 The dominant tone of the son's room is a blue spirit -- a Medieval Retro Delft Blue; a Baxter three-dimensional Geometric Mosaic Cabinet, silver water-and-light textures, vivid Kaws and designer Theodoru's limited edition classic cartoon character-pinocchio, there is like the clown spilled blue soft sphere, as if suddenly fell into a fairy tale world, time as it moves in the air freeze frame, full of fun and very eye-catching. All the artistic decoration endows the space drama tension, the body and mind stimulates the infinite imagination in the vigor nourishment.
==
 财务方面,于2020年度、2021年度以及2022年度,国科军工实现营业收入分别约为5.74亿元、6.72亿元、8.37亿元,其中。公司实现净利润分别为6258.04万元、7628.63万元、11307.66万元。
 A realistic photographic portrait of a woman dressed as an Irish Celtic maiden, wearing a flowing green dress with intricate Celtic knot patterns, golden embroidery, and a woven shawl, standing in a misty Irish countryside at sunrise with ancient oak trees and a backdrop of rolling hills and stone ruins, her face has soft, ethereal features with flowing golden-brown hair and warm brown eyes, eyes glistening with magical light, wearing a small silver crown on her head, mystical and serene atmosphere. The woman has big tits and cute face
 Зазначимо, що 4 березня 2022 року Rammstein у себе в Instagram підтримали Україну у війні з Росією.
==
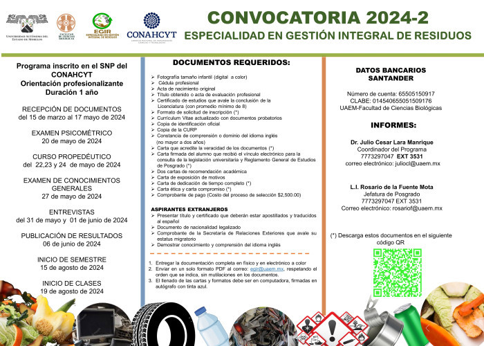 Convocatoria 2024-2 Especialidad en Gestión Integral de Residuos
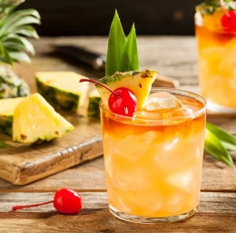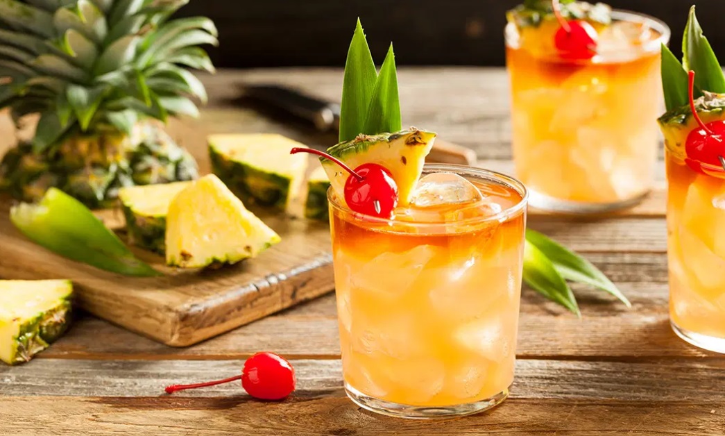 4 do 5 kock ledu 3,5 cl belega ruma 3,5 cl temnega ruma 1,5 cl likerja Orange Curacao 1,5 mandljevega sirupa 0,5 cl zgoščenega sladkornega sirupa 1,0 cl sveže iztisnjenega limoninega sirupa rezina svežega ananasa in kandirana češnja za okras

What to produce: Working through the entries above, copy every line in which "light" is found.

Task output:
 The dominant tone of the son's room is a blue spirit -- a Medieval Retro Delft Blue; a Baxter three-dimensional Geometric Mosaic Cabinet, silver water-and-light textures, vivid Kaws and designer Theodoru's limited edition classic cartoon character-pinocchio, there is like the clown spilled blue soft sphere, as if suddenly fell into a fairy tale world, time as it moves in the air freeze frame, full of fun and very eye-catching. All the artistic decoration endows the space drama tension, the body and mind stimulates the infinite imagination in the vigor nourishment.
 A realistic photographic portrait of a woman dressed as an Irish Celtic maiden, wearing a flowing green dress with intricate Celtic knot patterns, golden embroidery, and a woven shawl, standing in a misty Irish countryside at sunrise with ancient oak trees and a backdrop of rolling hills and stone ruins, her face has soft, ethereal features with flowing golden-brown hair and warm brown eyes, eyes glistening with magical light, wearing a small silver crown on her head, mystical and serene atmosphere. The woman has big tits and cute face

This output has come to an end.